Dr. Riedl’s training-generation system is called “Scheherazade.” In the story of One Thousand and One Nights, also known as Arabian Nights, the character Scheherazade tells king Shahryar a story every night to spare her life, and with her great stories continuing for 1001 nights, Shahryar ended up making Scheherazade his queen. “How hard would that be to tell a really convincing story every single day?” he said. “I saw that as the goal for our system, that you can tell hundreds of thousands of different novel stories without massive computational overhead.”

The driving force behind Dr. Riedl’s work has been to answer the question, “How can we make computers smarter so they can play a facilitating role in creating and executing virtual learning experiences?” The smarter the computer is and the more it understands how things work, the more it can play a role in facilitating entertainment and educational experiences that humans can have.

Dr. Riedl is approaching human-centered Artificial Intelligence (AI) from two directions. While the DARPA project aims to make computers creative, Dr. Riedl is also leading a National Science Foundation (NSF) project where he and his team have set out to find ways that computers can help humans to better express their own creativity. “People are already creative, but sometimes they have a hard time expressing creativity.” Dr. Riedl and his team are seeking to instill intelligence in the computer to enable amateurs to create complex digital animations.
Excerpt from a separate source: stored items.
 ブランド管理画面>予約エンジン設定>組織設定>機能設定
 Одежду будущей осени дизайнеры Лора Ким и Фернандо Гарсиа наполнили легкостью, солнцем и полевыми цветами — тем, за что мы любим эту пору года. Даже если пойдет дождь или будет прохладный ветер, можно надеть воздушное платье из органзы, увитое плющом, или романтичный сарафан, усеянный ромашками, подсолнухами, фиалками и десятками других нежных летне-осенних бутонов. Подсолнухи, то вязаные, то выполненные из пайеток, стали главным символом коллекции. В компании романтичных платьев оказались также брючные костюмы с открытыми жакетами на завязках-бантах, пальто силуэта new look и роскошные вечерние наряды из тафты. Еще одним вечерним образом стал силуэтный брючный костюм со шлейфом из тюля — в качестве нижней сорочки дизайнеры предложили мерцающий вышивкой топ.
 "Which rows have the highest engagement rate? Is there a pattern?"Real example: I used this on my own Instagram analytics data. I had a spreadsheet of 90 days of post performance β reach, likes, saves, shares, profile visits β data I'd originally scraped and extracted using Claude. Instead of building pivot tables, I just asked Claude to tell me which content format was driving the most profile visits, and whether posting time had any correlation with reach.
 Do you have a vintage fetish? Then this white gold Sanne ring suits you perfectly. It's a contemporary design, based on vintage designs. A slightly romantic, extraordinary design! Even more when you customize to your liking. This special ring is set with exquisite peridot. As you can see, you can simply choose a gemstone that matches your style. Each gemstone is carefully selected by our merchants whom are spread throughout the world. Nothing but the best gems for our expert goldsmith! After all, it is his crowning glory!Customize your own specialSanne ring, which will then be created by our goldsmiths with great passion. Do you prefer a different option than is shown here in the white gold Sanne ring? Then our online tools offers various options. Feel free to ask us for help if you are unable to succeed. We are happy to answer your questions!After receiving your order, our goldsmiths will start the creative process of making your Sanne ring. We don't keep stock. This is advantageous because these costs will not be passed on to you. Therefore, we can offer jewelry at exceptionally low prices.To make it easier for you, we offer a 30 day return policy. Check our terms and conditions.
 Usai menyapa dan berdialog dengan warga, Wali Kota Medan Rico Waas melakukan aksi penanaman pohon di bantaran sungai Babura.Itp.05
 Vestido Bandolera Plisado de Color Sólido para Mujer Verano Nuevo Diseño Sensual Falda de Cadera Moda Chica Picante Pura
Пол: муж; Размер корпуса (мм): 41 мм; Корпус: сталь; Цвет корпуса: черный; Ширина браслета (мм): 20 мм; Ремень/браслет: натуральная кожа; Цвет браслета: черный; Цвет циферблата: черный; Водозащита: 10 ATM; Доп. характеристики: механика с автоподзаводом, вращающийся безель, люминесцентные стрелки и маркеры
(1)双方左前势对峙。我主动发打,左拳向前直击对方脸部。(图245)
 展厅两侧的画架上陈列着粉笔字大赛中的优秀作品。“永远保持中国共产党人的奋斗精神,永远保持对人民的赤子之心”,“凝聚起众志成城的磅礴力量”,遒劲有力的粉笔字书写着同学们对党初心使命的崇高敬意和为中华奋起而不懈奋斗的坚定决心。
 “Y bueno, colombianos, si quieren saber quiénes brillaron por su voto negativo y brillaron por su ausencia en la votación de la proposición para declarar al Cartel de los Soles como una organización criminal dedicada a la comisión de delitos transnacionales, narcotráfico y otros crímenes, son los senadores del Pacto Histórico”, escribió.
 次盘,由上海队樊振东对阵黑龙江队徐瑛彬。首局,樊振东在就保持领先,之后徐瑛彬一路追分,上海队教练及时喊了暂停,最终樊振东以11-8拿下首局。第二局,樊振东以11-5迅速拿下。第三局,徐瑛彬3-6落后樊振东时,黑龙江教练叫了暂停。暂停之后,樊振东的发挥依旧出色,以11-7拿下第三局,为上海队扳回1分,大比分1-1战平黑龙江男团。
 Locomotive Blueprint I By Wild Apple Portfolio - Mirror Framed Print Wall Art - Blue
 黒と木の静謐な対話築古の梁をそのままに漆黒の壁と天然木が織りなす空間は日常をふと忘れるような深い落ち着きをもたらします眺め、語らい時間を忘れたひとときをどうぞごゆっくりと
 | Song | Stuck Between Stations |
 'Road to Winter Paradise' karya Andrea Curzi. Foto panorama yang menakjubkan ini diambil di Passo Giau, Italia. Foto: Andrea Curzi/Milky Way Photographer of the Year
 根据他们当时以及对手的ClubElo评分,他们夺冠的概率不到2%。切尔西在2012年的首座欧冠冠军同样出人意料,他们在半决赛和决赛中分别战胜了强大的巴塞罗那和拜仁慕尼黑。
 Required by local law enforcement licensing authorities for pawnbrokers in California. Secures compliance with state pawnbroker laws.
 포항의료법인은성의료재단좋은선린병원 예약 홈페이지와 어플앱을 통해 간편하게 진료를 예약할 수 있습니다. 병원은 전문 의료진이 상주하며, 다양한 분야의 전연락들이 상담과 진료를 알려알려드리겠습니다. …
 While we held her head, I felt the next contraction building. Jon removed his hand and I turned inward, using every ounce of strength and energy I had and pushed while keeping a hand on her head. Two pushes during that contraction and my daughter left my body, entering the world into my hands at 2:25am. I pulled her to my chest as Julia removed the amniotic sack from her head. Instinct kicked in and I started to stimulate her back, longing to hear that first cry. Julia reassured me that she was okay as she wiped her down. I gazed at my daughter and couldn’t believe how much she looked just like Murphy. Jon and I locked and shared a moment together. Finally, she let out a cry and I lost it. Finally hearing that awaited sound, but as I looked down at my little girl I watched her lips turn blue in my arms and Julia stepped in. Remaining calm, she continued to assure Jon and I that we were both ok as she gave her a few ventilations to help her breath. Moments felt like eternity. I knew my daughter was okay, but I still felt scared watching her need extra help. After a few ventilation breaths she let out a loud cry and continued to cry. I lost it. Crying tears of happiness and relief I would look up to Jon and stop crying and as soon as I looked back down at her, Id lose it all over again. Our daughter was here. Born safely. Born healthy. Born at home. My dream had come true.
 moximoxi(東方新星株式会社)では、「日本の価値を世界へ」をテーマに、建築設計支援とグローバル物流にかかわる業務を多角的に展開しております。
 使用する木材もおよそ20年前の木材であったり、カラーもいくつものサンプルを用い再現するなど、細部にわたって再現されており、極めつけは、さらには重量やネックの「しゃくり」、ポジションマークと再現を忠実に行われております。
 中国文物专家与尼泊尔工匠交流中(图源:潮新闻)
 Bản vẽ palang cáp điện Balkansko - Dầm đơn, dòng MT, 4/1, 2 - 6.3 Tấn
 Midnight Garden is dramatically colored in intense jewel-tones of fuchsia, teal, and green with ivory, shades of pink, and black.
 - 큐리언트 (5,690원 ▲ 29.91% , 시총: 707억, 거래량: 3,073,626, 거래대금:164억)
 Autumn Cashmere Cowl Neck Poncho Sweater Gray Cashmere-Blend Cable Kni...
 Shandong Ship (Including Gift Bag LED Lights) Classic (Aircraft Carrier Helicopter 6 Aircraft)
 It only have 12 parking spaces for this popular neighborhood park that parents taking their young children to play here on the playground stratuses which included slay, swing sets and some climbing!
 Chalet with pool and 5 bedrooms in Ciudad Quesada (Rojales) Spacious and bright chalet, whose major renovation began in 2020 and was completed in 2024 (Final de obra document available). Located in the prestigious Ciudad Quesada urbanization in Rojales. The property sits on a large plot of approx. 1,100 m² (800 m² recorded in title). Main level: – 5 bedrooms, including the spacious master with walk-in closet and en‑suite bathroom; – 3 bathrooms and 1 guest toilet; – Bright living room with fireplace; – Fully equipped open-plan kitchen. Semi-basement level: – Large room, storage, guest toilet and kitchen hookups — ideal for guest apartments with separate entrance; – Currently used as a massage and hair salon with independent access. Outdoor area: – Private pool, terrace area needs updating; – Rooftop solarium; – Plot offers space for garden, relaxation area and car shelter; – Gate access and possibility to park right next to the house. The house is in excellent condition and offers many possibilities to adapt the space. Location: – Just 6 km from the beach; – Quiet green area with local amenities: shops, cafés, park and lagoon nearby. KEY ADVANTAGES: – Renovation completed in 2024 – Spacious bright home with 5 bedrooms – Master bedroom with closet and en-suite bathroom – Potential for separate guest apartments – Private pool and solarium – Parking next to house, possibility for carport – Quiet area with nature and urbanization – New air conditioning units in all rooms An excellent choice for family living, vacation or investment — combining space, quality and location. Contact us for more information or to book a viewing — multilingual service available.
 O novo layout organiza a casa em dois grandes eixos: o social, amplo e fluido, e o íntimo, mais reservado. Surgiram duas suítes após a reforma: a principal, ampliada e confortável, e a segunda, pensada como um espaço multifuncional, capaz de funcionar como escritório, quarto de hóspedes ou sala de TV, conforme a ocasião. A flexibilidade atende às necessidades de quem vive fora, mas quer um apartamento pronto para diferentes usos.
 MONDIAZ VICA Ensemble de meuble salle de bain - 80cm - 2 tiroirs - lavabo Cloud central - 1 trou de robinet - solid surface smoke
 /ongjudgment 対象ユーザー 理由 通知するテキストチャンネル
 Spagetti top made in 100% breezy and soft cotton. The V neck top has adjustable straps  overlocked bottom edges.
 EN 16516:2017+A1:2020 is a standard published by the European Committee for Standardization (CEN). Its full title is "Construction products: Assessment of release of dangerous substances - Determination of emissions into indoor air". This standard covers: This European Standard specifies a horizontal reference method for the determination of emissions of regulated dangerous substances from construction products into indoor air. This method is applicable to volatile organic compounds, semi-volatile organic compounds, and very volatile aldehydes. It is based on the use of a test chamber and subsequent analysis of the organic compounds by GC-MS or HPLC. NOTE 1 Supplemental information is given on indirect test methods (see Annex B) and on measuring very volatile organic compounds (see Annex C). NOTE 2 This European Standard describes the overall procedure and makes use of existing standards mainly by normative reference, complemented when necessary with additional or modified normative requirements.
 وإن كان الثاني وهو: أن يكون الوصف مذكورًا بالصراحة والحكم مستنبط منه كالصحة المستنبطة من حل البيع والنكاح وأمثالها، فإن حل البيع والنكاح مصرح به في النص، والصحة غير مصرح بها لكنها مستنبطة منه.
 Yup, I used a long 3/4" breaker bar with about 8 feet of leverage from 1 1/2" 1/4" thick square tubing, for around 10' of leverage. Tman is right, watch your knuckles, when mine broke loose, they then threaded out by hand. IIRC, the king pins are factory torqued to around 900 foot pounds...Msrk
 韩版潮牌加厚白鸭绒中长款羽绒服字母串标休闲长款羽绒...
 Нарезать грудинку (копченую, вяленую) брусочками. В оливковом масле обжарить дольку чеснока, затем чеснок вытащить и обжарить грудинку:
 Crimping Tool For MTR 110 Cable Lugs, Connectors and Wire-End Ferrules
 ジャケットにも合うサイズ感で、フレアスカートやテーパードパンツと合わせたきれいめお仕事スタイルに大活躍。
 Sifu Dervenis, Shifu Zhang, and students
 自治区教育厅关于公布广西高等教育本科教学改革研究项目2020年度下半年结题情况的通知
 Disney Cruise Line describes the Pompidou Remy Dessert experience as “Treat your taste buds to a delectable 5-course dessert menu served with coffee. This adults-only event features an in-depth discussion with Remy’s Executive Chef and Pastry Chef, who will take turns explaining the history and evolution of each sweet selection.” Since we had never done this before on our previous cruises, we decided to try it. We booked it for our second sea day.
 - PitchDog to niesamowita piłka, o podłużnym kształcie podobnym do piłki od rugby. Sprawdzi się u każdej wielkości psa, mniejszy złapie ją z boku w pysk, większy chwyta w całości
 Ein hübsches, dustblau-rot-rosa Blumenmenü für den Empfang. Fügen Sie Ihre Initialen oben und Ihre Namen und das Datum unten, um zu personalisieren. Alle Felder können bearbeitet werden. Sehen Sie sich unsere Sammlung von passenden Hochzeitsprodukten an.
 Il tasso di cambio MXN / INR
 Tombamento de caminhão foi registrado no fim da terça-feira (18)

“I am fascinated by the human mind, the potential of the human mind. Look at all the things humans can do. They are very creative and expressive.” Dr. Riedl’s passion for human-centered AI can be traced back to the second grade. After watching the movie Tron, he was amazed by the idea of having a computer world with intelligent game-playing characters. Shortly after, he decided he wanted to learn programming. By the seventh grade, he was using technology to express his own creativity by making sophisticated computer programs and competing at the state Science Fair.

Dr. Riedl continues to search for and develop new methods to apply technology as a catalyst to assist humans in expressing their creativity. He reminds us that the perfect symbiosis between humans and computers is achieved when computers facilitate the natural creativity within humanity. “This is human-centered AI, and we would like to make sure human is the central part of what we are doing.”